Dorvyzhy (Дорвыжы, lit. "homeland roots" or "homeland generation") is the Udmurt literary national epic. It was originally compiled and written in Russian by Mikhail Khudiakov in the 1920s with the title Песнь об удмуртских батырах ("Song about the Udmurt Heroes"). The original was based on the folklore works of N. Pervuhin, G. Potanin, B. Gavrilov, B. Munkácsi, Kuzebay Gerd (K. Chaynikov) and Aleksandr Spitsyn. The structure of the Finnish epic Kalevala was influential in its creation. The epic was later translated into Udmurt in 2004 and given its Udmurt title Дорвыжы by V. M. Vanyushev and then Finnish in 2009 with a Kalevala metre structure by Esa-Jussi Salminen and Jorma Vakkuri. In 2012 the epic was published in Hungarian translation by Dyekiss Virág and Elena V. Rodionova.

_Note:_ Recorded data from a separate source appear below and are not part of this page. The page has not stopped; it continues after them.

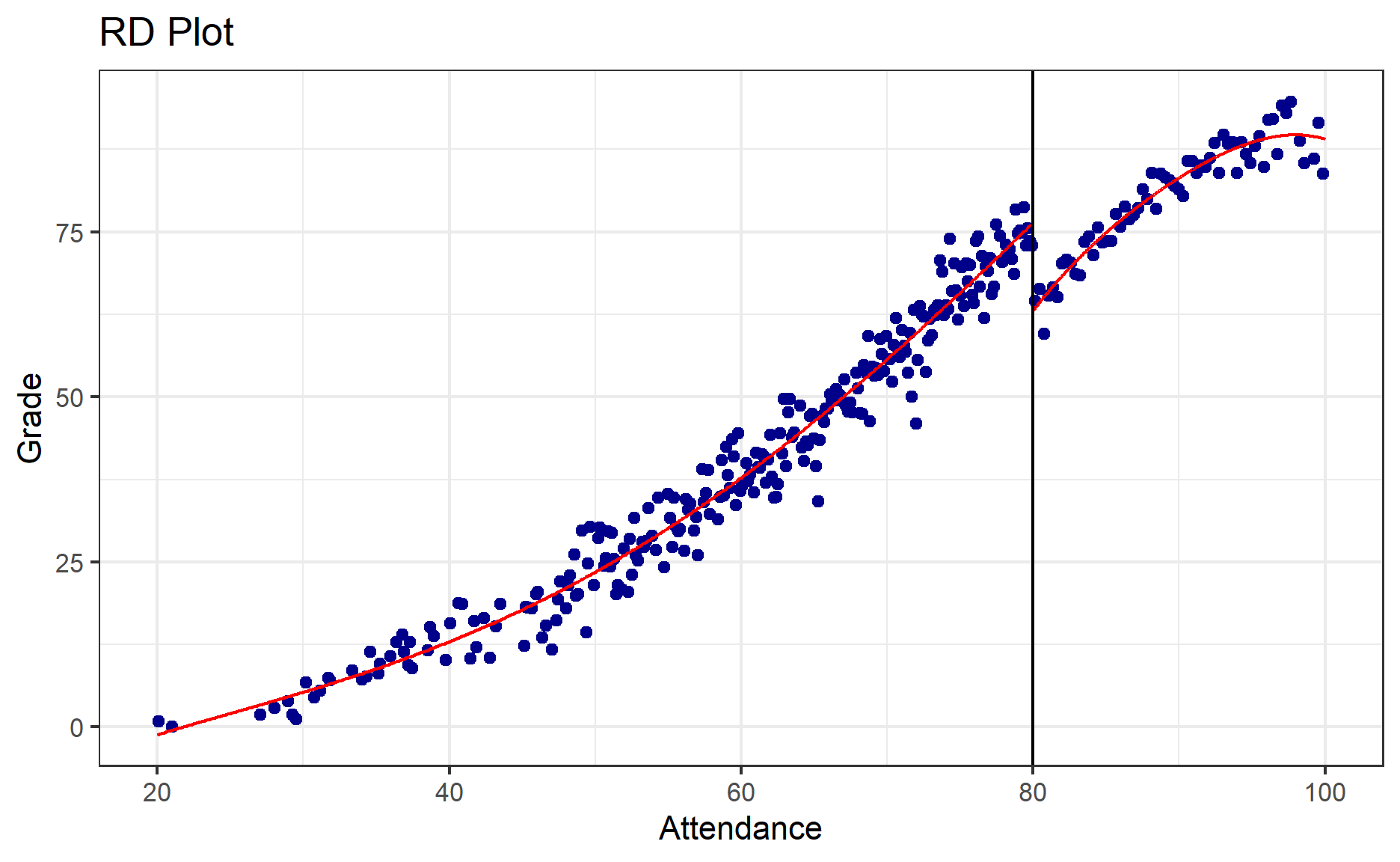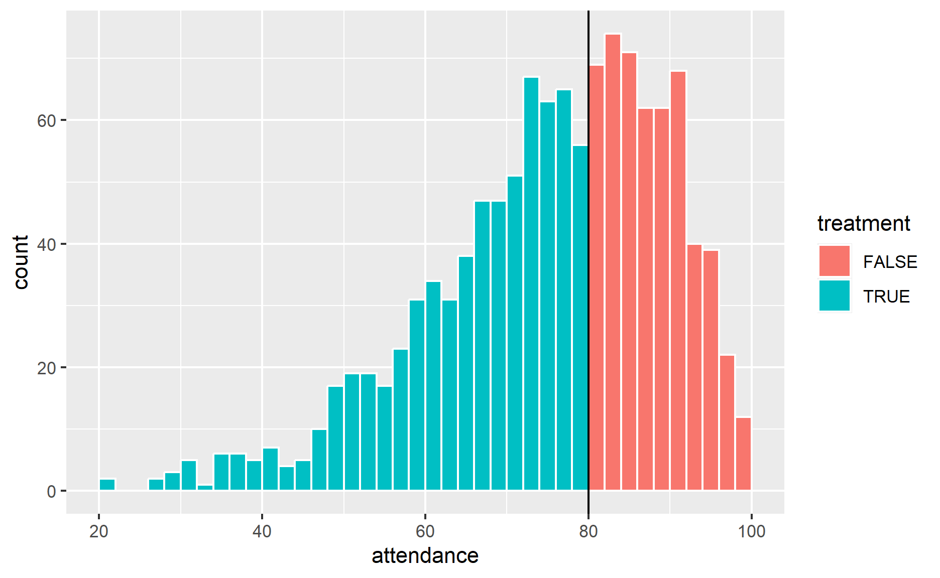 It seems like there is a discontinuity, especially around the attendance 80.
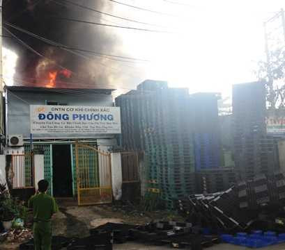 Vụ cháy xảy ra lúc 15h30 ngày 15/9 tại Công ty sản xuất Pallet nhựaTrung Tuyền, số 298, đường Linh Trung, KP.1, P.Linh Trung, Q.Thủ Đức, TP.HCM.
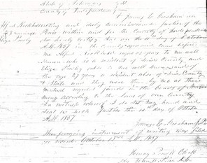 I James E. Gresham in acting and duly commissioned Justice of the Peace within and for the County of Independence do herby certify that on the 11th day of October A.D. 1857 in the county aforesaid came before me Alfred Rockhold aged 53 years to me well known who is a resident of aforesaid county and Eliza Presley also to me well known and of the age 27 years a resident also of aforesaid County & State and they were there by me as their mutual request joined in the bonds of Matrimony according to the laws of our County. In witness whereof I do and my hand and seal as such Justice this 12th day of October A.D. 1857
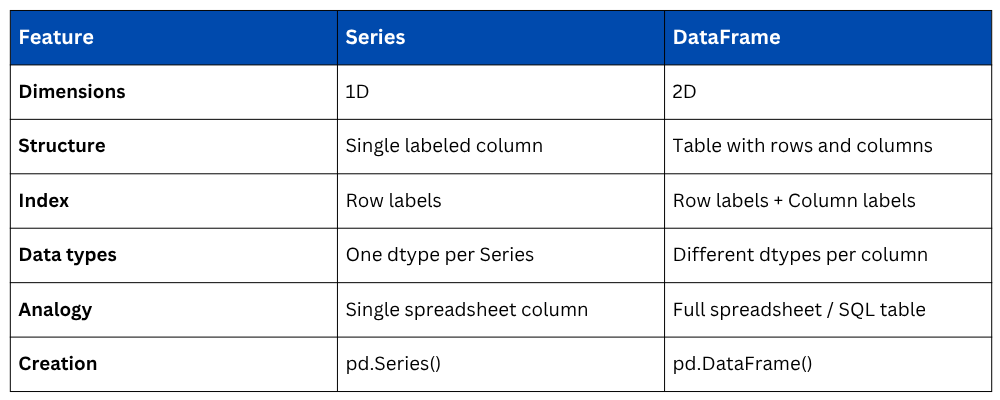 At the heart of Pandas are two core data structures, the Series and the DataFrame, and understanding them thoroughly is the first step to becoming proficient in data analysis with Python.
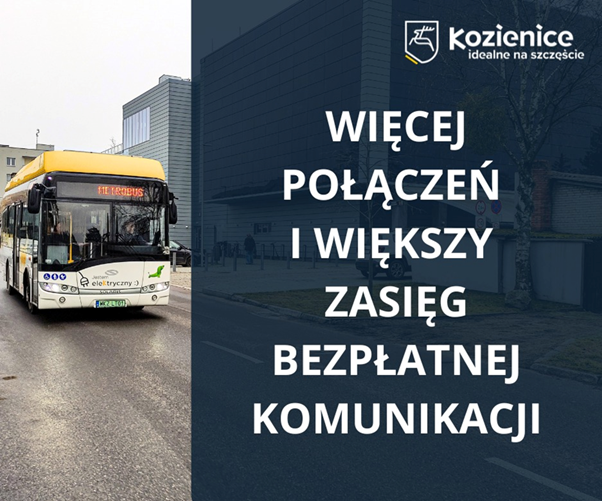 Gmina Kozienice rozszerza system bezpłatnej komunikacji zbiorowej, oferując mieszkańcom jeszcze więcej połączeń i większy zasięg. Z darmowych przejazdów mogą korzystać mieszkańcy gminy, uczniowie oraz studenci.

Dorvyzhy is a mix of myth and history, recounting the deeds of the heroes such as Selty, Burśin-Mozhga and the sons of Dondy. The main gods in the epic are the god of the heavens Inmar, the earth god Kyldyśin and weather god Kuaź. The epic also makes references to the surrounding peoples of the area such as the Tatars and Maris and geographic places such as the Cheptsa, Kilmez River.

==Cantos==
Dorvyzhy consists of 10 cantos plus an introduction or beginning words:

- Beginning words (Кyтскон)
- 1st canto: Inmar, Kyldyśin and Kuaź (Инмар, Кылдысин но Куaзь)
- 2nd canto: The Zerpals (Зэрпалъёс)
- 3rd canto: The Year of Kyldyśin (Кылдысин даур)
- 4th canto: Vanished Luck (Ыштэм шуд)
- 5th canto: Vorshud (Воршуд)
- 6th canto: Heroes of Dondy (Дондыпал батыръёс)
- 7th canto: Heroes of Kalmez (Калмез батыръёс)
- 8th canto: Battle with the Maris (Пöръёсын нюръяськон)
- 9th canto: Book of the Ancestors (Выжы книга)
- 10th canto: Times to Come (Вyoнo вaкытъёс)
- conclusion (Йылпумъян)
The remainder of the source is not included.